What does it mean for a neutrino to interact with normal matter through only the weak atomic force and gravity? What makes a neutrino going through something different that a photon or other particle going through a material?

My dad was wondering about if it would be possible to halt the "orbits" of electrons in an atom. I'm under the impression that cooling matter to absolute zero is like trying to accelerate it to the speed of light; you can get really close but not actually to absolute zero. I just read a thingy about zero-point energy, which made very little sense. But it seems that no matter how low of a temperature you cool matter to, there will be some energy in the system. Or something about superfluid helium? :max:

He also asked me about quarks, which I know very little about. What I do know; there are 6 types: up, down, strange, charm, bottom, and top. Up and down quarks are the most stable, and the other quark types decay into up and down quarks. A hadron is a particle made up of quarks, which includes protons and neutrons. There are three in each proton and neutron; a proton has 2 up and 1 down, a neutron has 2 down and 1 up. The up quark has a 2/3 electric charge, and the down quark has a -1/3 charge (giving protons a positive charge of 1 and neutrons a neutral charge of 0). That's about all I know about quarks.
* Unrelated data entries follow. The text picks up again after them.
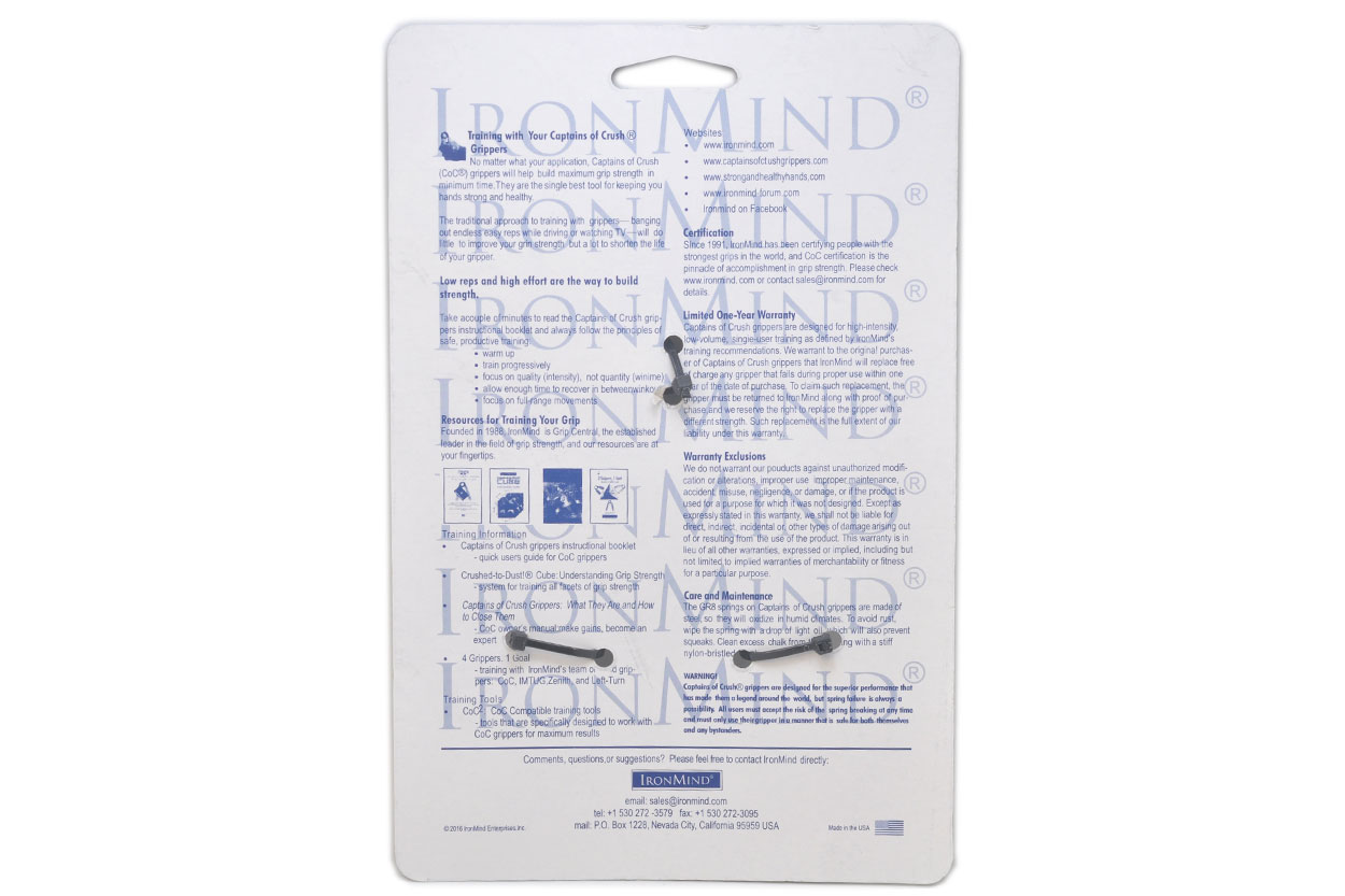 Captains of Crush (CoC?) grippers changed the gripper world, taking what had been a cheap, imported plaything and turning it into a beautifully designed and crafted training tool for serious strength athletes. Made in the USA and known worldwide, nothing else puts power in the palm of your hand like a Captains of Crush gripper.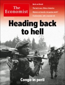 It sucked in soldiers from eight other countries. Mass rape became routine. No one knows how many people died of machete wounds, hunger and disease. Estimates range from 1m to over 5m. Four factors fed the war: an external shock to start it; a state too rotten to hold Congo together; vast mineral wealth that paid for weapons and was worth fighting over; and a tangle of ethnic and tribal grievances for warlords to exploit. [Congo’s war was bloody. It may be about to start again; The Economist, February 15th 2018.]
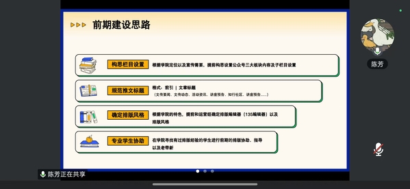 会上,陈芳应邀作题为“城市文化与传播学院媒体宣传部建设情况汇报”的专题分享,系统介绍了学院媒体宣传部的发展历程、工作流程以及人才培养机制,并重点展示了一批体现学院专业特色与创新活力的原创网络作品,充分展现了学院新媒体宣传工作的扎实基础与品牌成效。
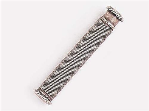 Silver, cylindrical form, guilloche decoration, circa 1930, weight: 16.5 g.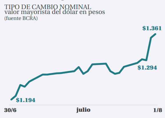 El estudio de Mate analiza el salto del dólar que llegó a cotizar 1.380 pesos a fines de julio en el Banco Nación y señala: "Durante julio se generó un aumento del precio del dólar de 14%. Gran parte de esta devaluación del peso se concentró en la última semana del mes. La inestabilidad cambiaria es inevitable para este modelo económico".

He also asked me about how we calculate energy. I think he meant how E = mc² works and what the speed of light has to do with energy. As per Wikipedia, this is mass-energy equivalence:

[QUOTE]mass–energy equivalence states that anything having mass has an equivalent amount of energy and vice versa[/QUOTE]

I took for granted what the formula means, but now I'm curious too; what does the speed of light (squared!) have to do with energy? I get that this has something to do with rest mass and special relativity or something, but that's about it...